06/05/2026
METTONS FIN AUX CONFUSIONS.
Avant de critiquer, il faut comprendre.
Le Hadj n’est pas un projet financé par l’État.
Ce n’est pas de l’argent public.
Ce n’est pas un budget de développement détourné.
Ce sont des citoyens burkinabè qui ont travaillé, économisé et choisi librement d’accomplir un pilier de leur foi.
Aucun crédit
Aucune dette
Aucun financement de l’État
Des fonds propres. Des sacrifices personnels. Une foi assumée.

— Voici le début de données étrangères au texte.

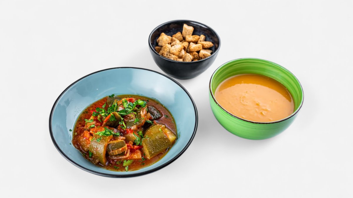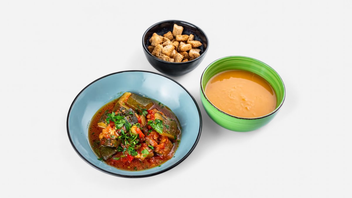 Supa crema de linte cu ardei copt(330 ml)+ghiveci calugaresc(300 gr)

Ceux qui disent : “Cet argent pouvait développer le pays” doivent être honnêtes :
Est-ce qu’on empêche quelqu’un de construire une maison ?
D’acheter une moto ?
D’organiser un mariage ?
Pourquoi alors vouloir contrôler uniquement ce que les musulmans font avec leur propre argent ?
À certains qui passent leur temps à attaquer les religions, notamment les courants dits kémites :
La liberté que vous utilisez pour critiquer…
est la même liberté qui permet aux musulmans de pratiquer leur religion.
On peut débattre.
On peut ne pas être d’accord.
Mais dénigrer systématiquement la foi des autres n’élève personne.
Le Hadj, ce n’est pas du gaspillage.
C’est un acte de foi, de discipline, d’humilité et d’unité.
Un peuple ne se développe pas en opposant foi et progrès
Il se développe quand il respecte les choix, les efforts et les convictions de chacun
Conclusion :
Respectons les croyances.
Respectons les sacrifices.
Respectons la liberté.
Foi et développement ne s’opposent pas… ils se complètent.